満洲国ができる(1932年)よりも少し前、わが国がシベリア出兵(1918年)していたことは、皆様御存知の通りと思います。
この出兵は、いまでは、第一次世界大戦における勝利国である英米仏伊加と、日本が、当時ソ連に生まれた共産革命軍によって強制的に囚われたチェコ軍を救出するための共同出兵と言われています。

ただ、早々に主役となるべき帝政ロシア軍が共産党軍によって滅ぼされてしまったために、英米仏伊加軍が、もはや護る意味無しとして、あとは、いちばん近くにある日本に、よろしく頼むと、早々に退散してしまった。
結果、日本陸軍だけがシベリアに取り残されて、シベリアの治安を護ることになる。

その一方で、第一次世界大戦後のパリ講和会議で、日本が人種の平等を高らかに主張したことで、日本は欧米諸国の、植民地に権利を持つVIPたちを敵にまわしていた。
そのことから、シベリアに残された日本は、孤軍状態におかれ、厳しい戦いを強いられることになったわけです。

このすこし前のことです。
対ロシア対策を指揮していたのが、オトポールでユダヤ人たちを救った樋口季一郎陸軍中将ですが、樋口中将はハバロフスクで、源氏笹の紋章に、漢文で何やら文書の書かれた石碑を発見しています。

当時のシベリアには多数のイエローが住んでいましたが、その上層部にごく少数のロシア人たちがいて、シベリアを勝手に領有しようとしていました。
そして共産パルチザンが、それらロシア人たちを狙い、また有色人種のイエローの民衆たちを強襲していました。

このため樋口中将は、共産パルチザンたちに書簡を送り、シベリアの地はもともとイエローの土地であること。
そして800年前に源義経一行が、北海道から樺太を経由してシベリアに入り、蒙古(猛虎)の将官を名乗って、辺り一帯を領有していた事実があること。
そのため、実際に石碑が残されていることなどを、書き送りました。
つまり「君たちには、この土地を領有する権原がない」ということを手紙にしたためて送ったわけです。

すると何が起きたかということ、その歴史的遺産である石碑に、真っ黒にコールタールが塗られてしまった。
そこでふたたび樋口中将が抗議の手紙を送ると、今度は石碑そのものが、いつのまにか取り壊されてしまったということが、樋口中将の回顧録に書かれています。

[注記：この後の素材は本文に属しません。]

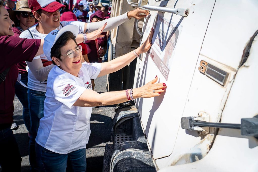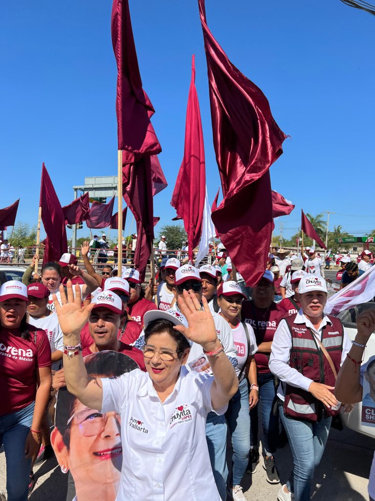 Chuyita López, candidata de Morena a la presidencia de Puerto Vallarta lidereó ese fin de semana una masiva pega de calcas en el crucero de avenida México y Politécnico en la que cientos de automovilistas aceptaron las calcas y manifestaron su apoyo a la morenista.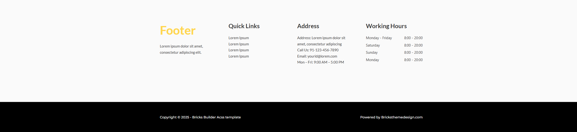 Bricks Theme Design helps you speed up your website design and development process, drastically reducing build time. We offer modern, professionally designed templates — including animated ones — to add dynamic visual appeal and interactivity to your projects. Whether you're building a portfolio, business site, or landing page — our templates are fast, responsive, and ready to use.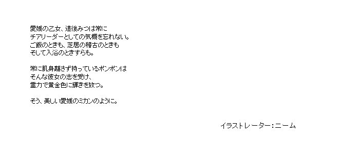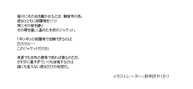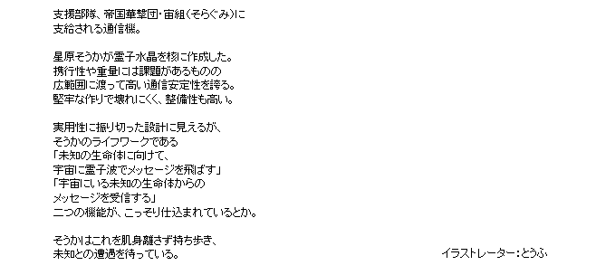 星三護符ー追加 アンジェリカの髪飾り宙組特製通信機ゆすらのバイクみつのポンポンのあのジャケットみうめのパンダしゃなの手裏剣 「アンジェリカの髪飾り」 どこかをクリックするとウィンドウが閉じます 「サムライアンジュの九州武者修行」イベントドロップアップ護符 「宙組特製通信機」 どこかをクリックするとウィンドウが閉じます 「宙の乙女と星の海」イベントドロップアップ護符 「ゆすらのバイク」 どこかをクリックするとウィンドウが閉じます 「四国乙女 期間限定ピックアップ調査」追加護符 「みつのポンポン」 どこかをクリックするとウィンドウが閉じます 「四国乙女 期間限定ピックアップ調査」追加護符 「のあのジャケット」 どこかをクリックするとウィンドウが閉じます 「四国乙女 期間限定ピックアップ調査」追加護符 「みうめのパンダ」 どこかをクリックするとウィンドウが閉じます 「那智みうめピックアップ調査」追加護符 「しゃなの手裏剣」 どこかをクリックするとウィンドウが閉じます 「那智みうめピックアップ調査」追加護符

そしてこの当時の日本陸軍の考え方として、シベリアに現地の人達による「極東共和国」をつくる。
その領地は、バイカル湖から、北極海に注ぐ大河であるレナ川以東とする。
この「極東共和国」は、シベリアに住むイエロー達による自治国であり、同時に満洲あたりには、やはり満人、および当時急速に人口を増加させていた漢人たちによる、満洲国を、やはり自治国としてつくる。
また、モンゴル族の住むエリアにも、やはり日本が援助してモンゴル共和国をつくる。

そして日韓併合によって日本領となっていた朝鮮半島も、その地に住む人々による自治国をつくり、日本軍は、日本に撤収する・・・といった作戦が建てられていたといいます。

つまり、モスクワを中心とする共産主義の日本への南下を防ぎ、同時に東亜の平和を実現するために、
シベリアには「極東共和国」
満洲には、「満洲国」
モンゴルには「モンゴル共和国」
を、それぞれ地元の人たちによる自治国を、日本の支援によって築く。
さらに、朝鮮半島を緩衝地帯とするため、半島はコリアンたちで自治を行う国とし、日本軍は日本に撤収し、日本の平和と安定を期する、というのが、陸軍の考え方であったというわけです。

それぞれの自治国は、それぞれの国の特産品を交易品とし、日本との交易をすることによって、富を築き、人々の繁栄を期するというわけです。

この構想は、日本の政府が、まるで及び腰で、あまりに場当たり的であったために実現せず、やむなく満洲国だけが成立することになったのですが、そうなれば、あたりまえのことですが、満洲だけが共産パルチザンからの直接の攻撃対象になり、また、そのすぐ後背地には日本の一部であった半島があるわけです。
これでは国防にならない。

そういう意味で、シベリアを極東共和国にするという案は、たいへんに理に適っているわけですが、この案は、実は突然降って湧いたものではなくて、実は先例があったのです。

それは紀元前2〜1世紀ごろのことです。
当時のチャイナは、三国時代で、まさに戦乱に明け暮れていました。
戦乱に明け暮れ、命がいくつあっても足りないチャイナからは、敗残兵や脱走兵などが、半島を経由して倭国にまでやってきて悪行三昧を働いていたのです。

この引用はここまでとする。